Have you ever heard the holiday story of low thyroid hormone? The story is slightly different depending on who is telling it, but it goes something like this:
You intentionally did not stuff yourself this holiday season, yet you still gained weight.
You can afford to buy all your holiday gifts because of a great bonus, yet you still feel depressed.
You rub Ben Gay all over your hands and knees, but your joint still hurt.
As you scratch your head and wonder why, your body is screaming out to you for some much needed attention. If your body language could speak, it would be saying "I have low thyroid hormone...HELP!"
But why is low thyroid hormone commonly a holiday treat?
Unless you are living somewhere near the equator, it gets cold during the holiday seasons. Your body responds by doing what it needs to stay warm.
One way your body accomplishes this is by cranking up your metabolism. Thyroid hormone is what revs up your body's engine.
If you are one of millions that is gradually developing hypothyroidism, symptoms of low thyroid hormone may not pop up till a time when it is really needed, like winter.
Your body sees 2 options, either freeze to death or use more thyroid hormone to increase your body temperature.

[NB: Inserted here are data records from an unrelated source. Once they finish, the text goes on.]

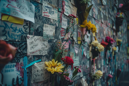A memorial wall adorned with colorful flowers and handwritten notes, A memorial wall covered in hand-written notes and flowers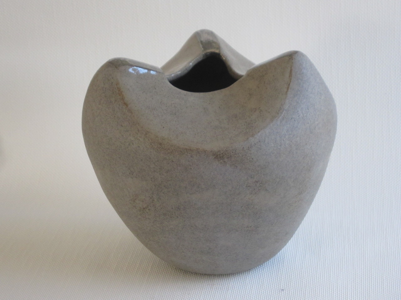 Grijze klei met een combinatie van een matglazuur aan de onderkant en de wave heeft een glansglazuur met platina accenten
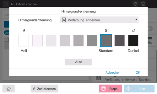 A. Sie können die Dichte der Hintergrundfarbe anpassen, um einen Scan ohne durchscheinenden Hintergrund zu erhalten.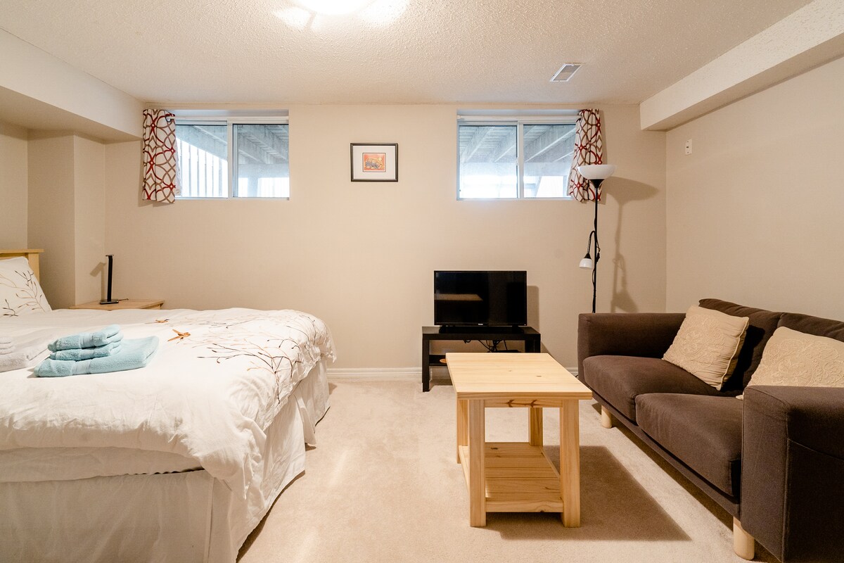 Čisto, pametno, samostojno kletno stanovanje z vhodom s kodo. Zakonska postelja (Queen), majhna delovna miza, kuhinja, kopalnica s kadjo. TV z vsemi običajnimi aplikacijami – Netflix, Crave. V bližini so kavarne, pubi, restavracije, tržnica, čista plaža za kopanje pa je le kratek sprehod stran. Tramvaj 501 Queen vozi do središča mesta in nazaj. Najbližje Airbnb prenočišče glasbenemu prizorišču HISTORY – prizorišče lahko vidite z vhodnih vrat! Brezplačno parkiranje na dovozu pred enoto. Polnjenje električnega vozila na 1. stopnji.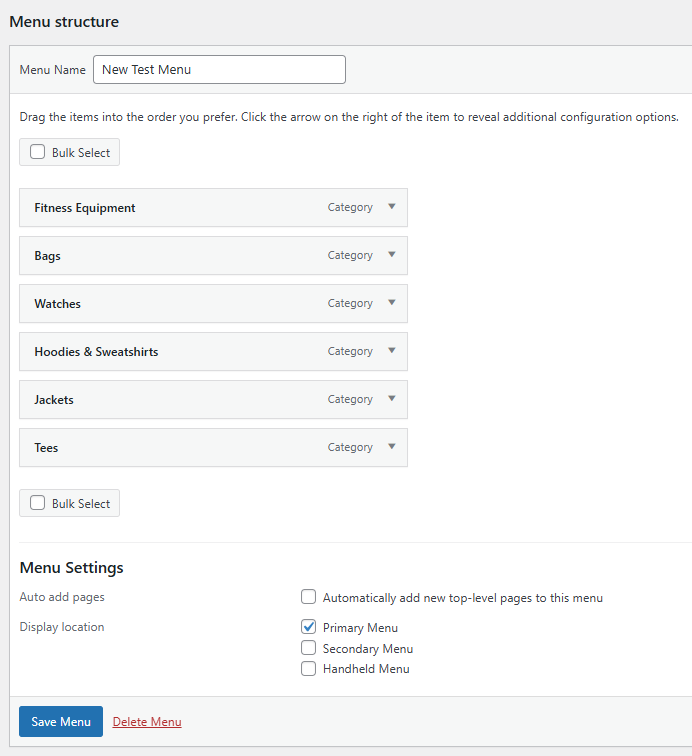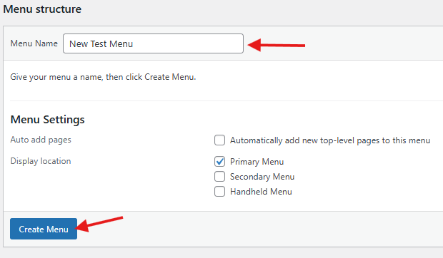 - 创建一个新菜单。我将其命名为“New Test Menu”。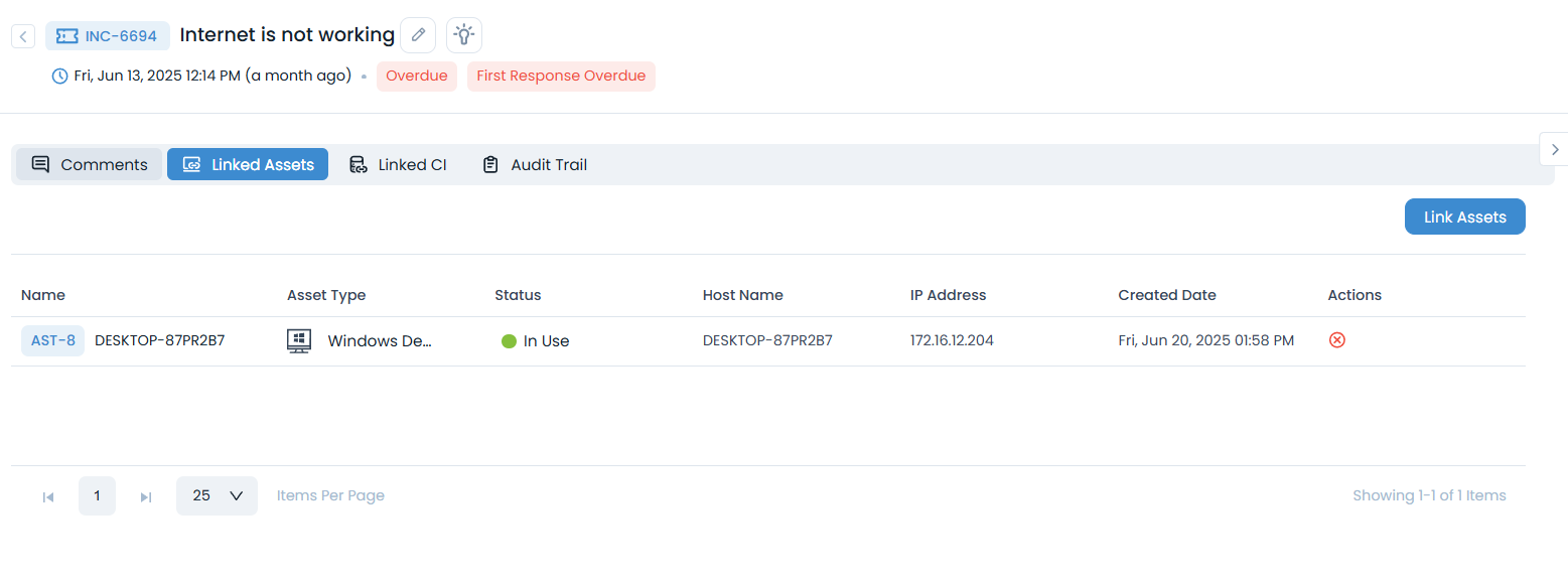 - Link Assets: Associate hardware or software with your request. (Available only if the Link Asset permission is granted from the Support Portal Settings and the respective Service Catalog.)

If you are already at low levels of thyroid hormone, other areas that use thyroid hormone may begin to suffer.
You may have had low thyroid problems for quite some time, but it is only now being fully recognized. You too can then tell of your story about why you feel fat, fatigued, depressed with achy joints all winter long, or tell them how you used to feel like that till you addressed your hypothyroidism.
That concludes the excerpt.